We drink too much, smoke too much, spend too recklessly, laugh too little, drive too fast, get too angry, stay up too late, get up too tired, read too little, watch TV too much, and pray too seldom. We have multiplied our possessions but reduced our values. We talk too much, love too seldom, and hate too often.

We’ve learned how to make a living, but not a life. We’ve added years to life not life to years. We’ve been all the way to the moon and back but have trouble crossing the street to meet a new neighbor. We conquered outer space but not inner space. We’ve done larger things, but not better things.

We’ve cleaned up the air, but polluted the soul. We’ve conquered the atom, but not our prejudice. We write more but learn less. We plan more but accomplish less. We’ve learned to rush, but not to wait. We build more computers to hold more information, to produce more copies than ever, but we communicate less and less.

These are the times of fast foods and slow digestion, big men and small character, steep profits and shallow relationships.

These are the days of two incomes but more divorce, fancier houses, but broken homes. These are days of quick trips, disposable diapers, throwaway morality, one night stands, overweight bodies, and pills that do everything from cheer, to quiet, to kill. It is a time when there is much in the showroom window and nothing in the stockroom. A time when technology can bring this letter to you and a time when you can choose either to share this insight or to just hit delete…

Remember, to spend some time with your loved ones, because they are not going to be around forever. Remember, say a kind word to someone who looks up to you in awe, because that little person soon will grow up and leave your side.

Remember, to give a warm hug to the one next to you, because that is the only treasure you can give with your heart and it doesn’t cost a cent.

Remember, to say, “I love you” to your partner and your loved ones, but most of all mean it. A kiss and an embrace will mend hurt when it comes from deep inside of you.

Remember to hold hands and cherish the moment for someday that person might not be there again. Give time to love, give time to speak! And give time to share the precious thoughts in your mind.”

Today, most people live in bigger homes (per person per square feet), but who is there at home? Most families are nuclear in nature and even with just three or four people at home, the house is just that – rarely a home as with people’s schedules, there are just a handful of times when everyone is at home together. We don’t make time for the extended family, even during festivities and occasions.

With more disposable incomes, especially in countries like Singapore, the tendency to buy for the sake of buying something is very common. Hashtags like #buybuy are very common on social media platforms and the flaunting of new possessions seems to be a case of ‘keeping up with the Joneses and doing it one step more’! This in contrast, to some people who seem to adopt a minimalist attitude. I would like to go this route and so for the time being, I am stopping all non-essential purchases, preferring to buy from my closet and stash. I will only buy when I am completely out of the product.

We’re more connected than ever in the history of the world, but ironically we’re more alone than ever.

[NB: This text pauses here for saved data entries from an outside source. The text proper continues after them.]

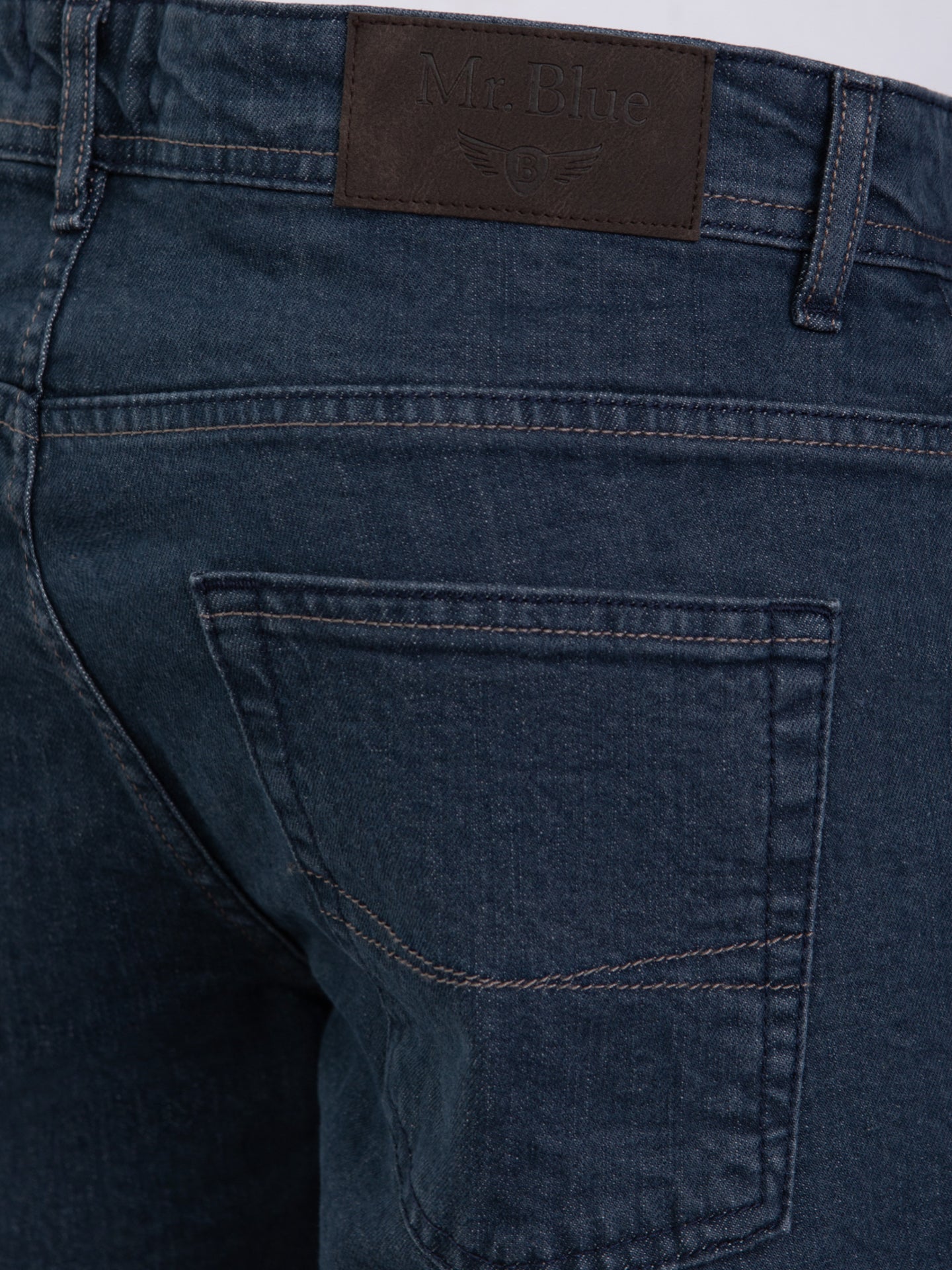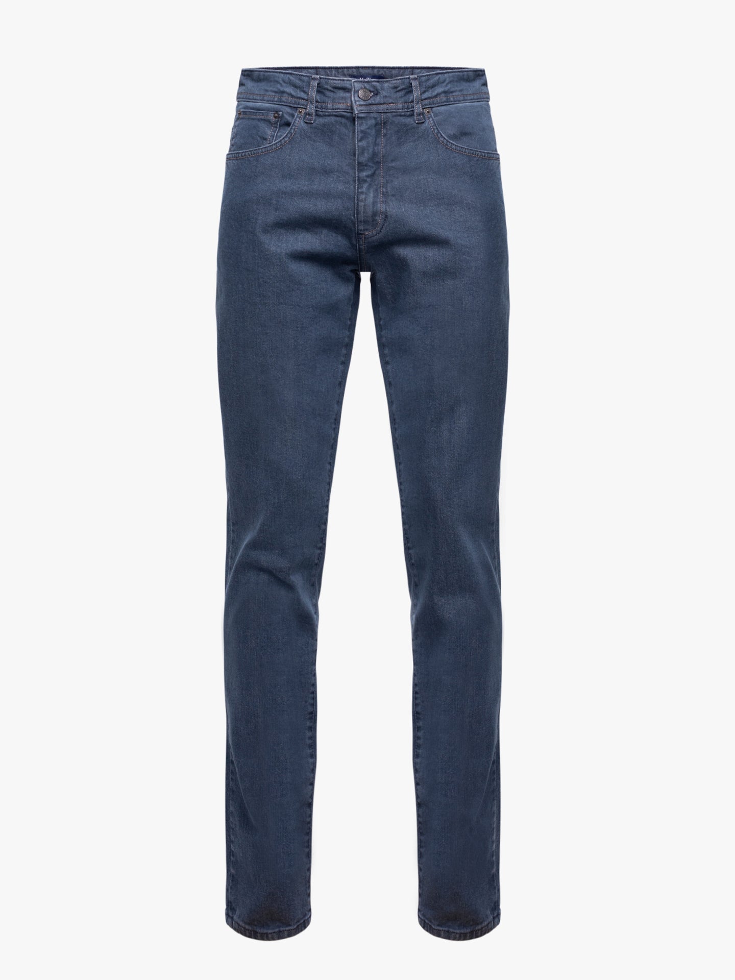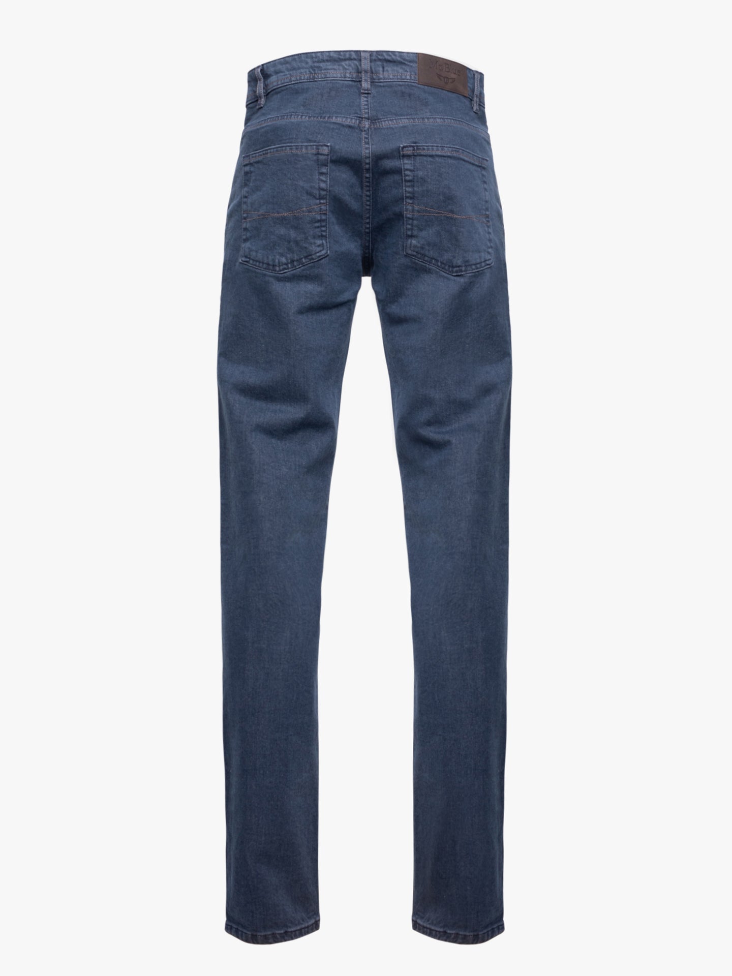 Calças de ganga stone wash azul escuro cintura subida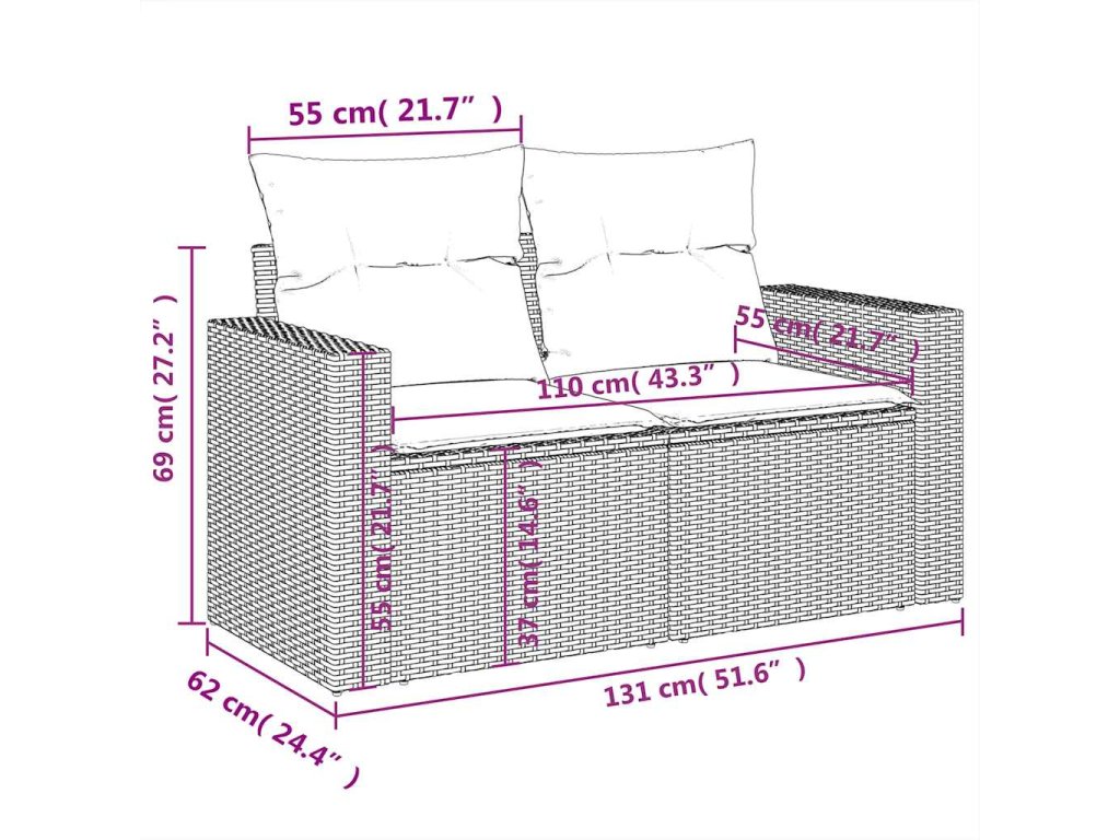 Tato zahradní sedací souprava je dokonalým doplňkem vaší zahrady, terasy nebo dvorku a poskytne vám pohodlné a příjemné místo, kde si můžete povídat s rodinou a přáteli nebo jen tak odpočívat a užívat si pobyt venku.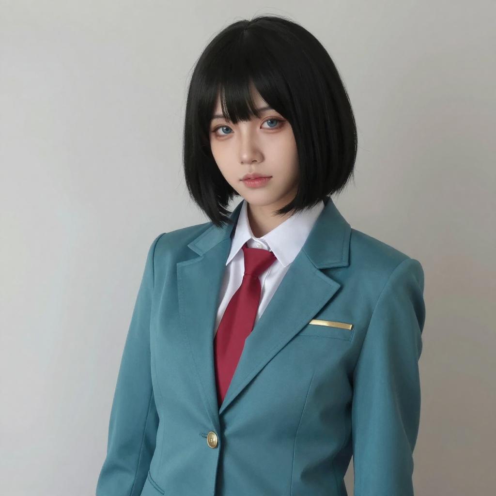 Portrait of a young East Asian woman with black bob haircut wearing a detailed teal blazer, white shirt, and red tie, styled as a realistic cosplay of the character Ritsuko Akagi from anime. The fashionable costume is complemented by subtle, refined makeup against a plain background.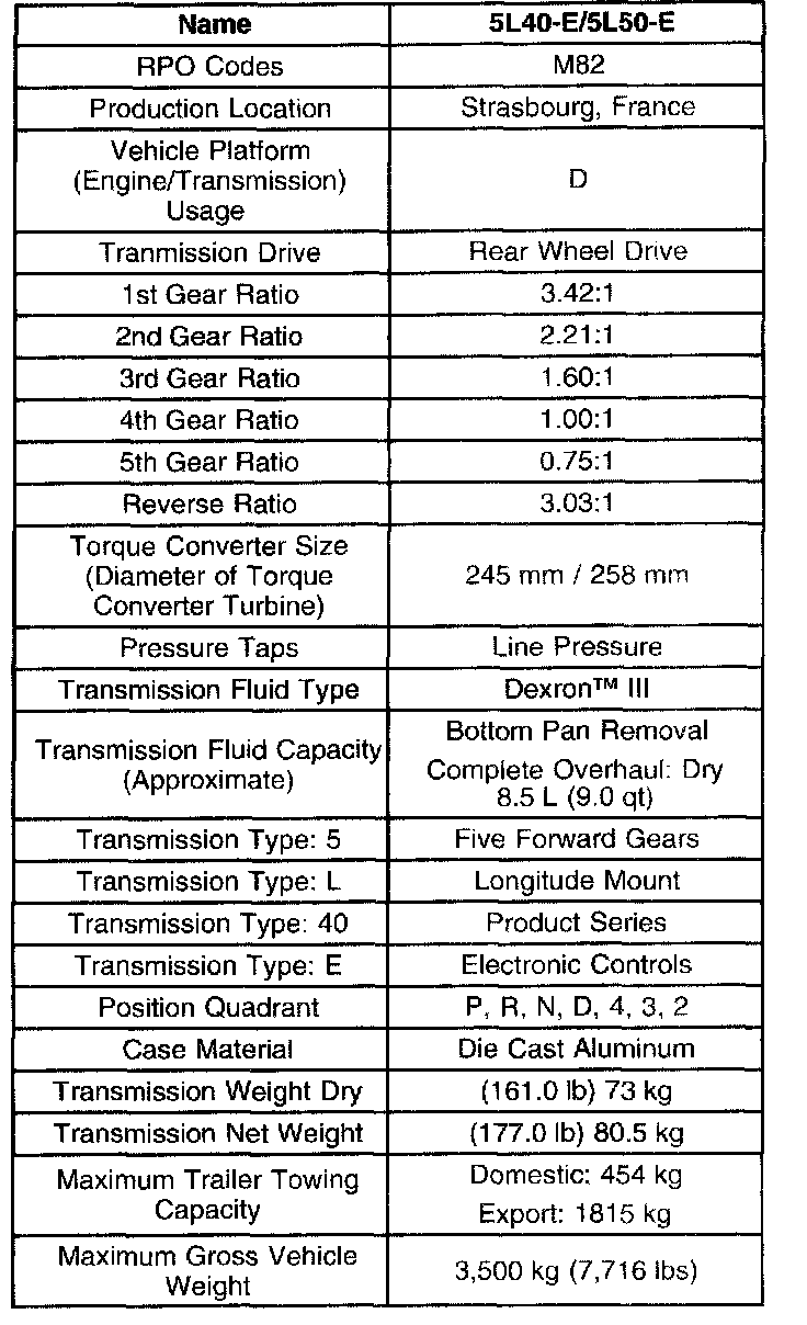 Transmission General Specifications

As of June 2016, there are more than 1 billion Whatsapp groups in the world and more than 64 billion messages were sent using Whatsapp in one day at its peak! The normal Whatsapp traffic is approximately 42 billion messages per day, though I am not sure if this includes the voice and video messages. But how many of us actually take the time to speak to a loved one on a regular basis? It’s so much easier being in touch through a keyboard, though how much time does it take to take the same phone and dial a number. Even if you do not or cannot use international dialing, all you need to do is install one of the free apps like Skype or Viber and speak to your loved ones!


I am going to make a call to speak to my loved ones just as soon as I finish this post, will you?